Second, a series of questions
1. When proving that a series is an arithmetic (proportional) series, the arithmetic (proportional) series with the first item and the tolerance (common ratio) should be written in the final conclusion;
2. When proving the inequality in the last question, if one end is a constant and the other end is a formula containing n, the scaling method is generally considered; If both ends are formulas containing n, mathematical induction is generally considered (when using mathematical induction, when n=k+ 1, the assumption when n=k must be used, otherwise it is incorrect. After using the above assumptions, it is difficult to convert the current formula into the target formula, and generally it will be scaled appropriately. The concise method is to subtract the target formula from the current formula and look at the symbols to get the target formula. When drawing a conclusion, you must write a summary: it is proved by ① ②;
3. When proving inequality, sometimes it is very simple to construct a function and use the monotonicity of the function (so you should have the consciousness of constructing a function).

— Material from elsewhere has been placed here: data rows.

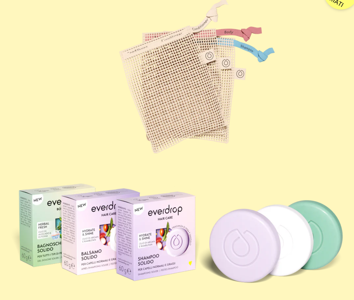 Riceverai gratuitamente candidandoti a everdrop lo starter kit di cosmetici solidi pelle & capelli che combrende:
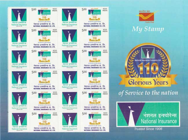 | 05.12.2016 | National Insurance Company Limited Stamp Design depicts Logo of National Insurance Company and text 110 Glorious Years of Service to the nation, National Insurance Co. Ltd./ My Stamp words incorporated in Stamp Design / Logo of National Insurance Company pre-printed on the tab. Customised - 16 Security Printing Press, Hyderabad | Rs. 5 Rs. 500 per Sheetlet of 12 Stamps sold at ePost Office Portal with Presentation pack. | Insurance, Emblem | |
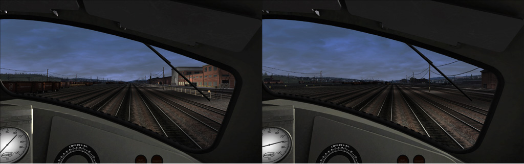 Y para más 'inri', en el NEC se junta el pan con las ganas de comer: Penn Station y 30th Street son estaciones subterraneas, los escenarios del 'Acela' son con tiempo tormentoso o muy nublado con lluvia y cada coche 'Amfleet' lleva cuatro focos de iluminación productores de una luz roja muy atractiva pero letal para los 'fps'... Manejar todas la luces de Penn Station más las del material rodante debe ser una tortura tanto para la CPU como para la GPU. Lo curioso de estas situaciones de gran carga gráfica es ver como la GPU lleva una carga del 50% y la CPU utiliza practicamente solo un nucleo...
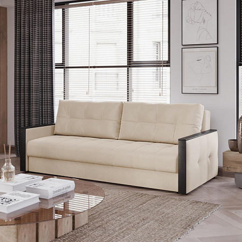 Диван «Винг» объединяет строгие геометрические формы и мягкую воздушность. Механизм трансформации «Еврокнижка» в сложенном виде позволяет сэкономить пространство в комнате, в разложенном - обеспечивает комфортное и ровное спальное место. Спинка дивана выполнена в той же обивке, что и основная часть, что даёт возможность использовать диван для зонирования комнаты. Горизонтальную поверхность на подлокотниках можно использовать в качестве мини-столешницы для небольших предметов.

Third, solid geometry problems
1. It is easy to prove the relationship between line and surface, and it is generally unnecessary to establish a system;
2. It is best to establish a system when solving the problems such as the angle formed by lines on different planes, the included angle between lines and planes, the dihedral angle, the existence of geometry, the height, the surface area and the volume.
3. Pay attention to the relationship between the cosine value (range) of the angle formed by the vector and the cosine value (range) of the angle (symbol problem, obtuse angle problem, acute angle problem).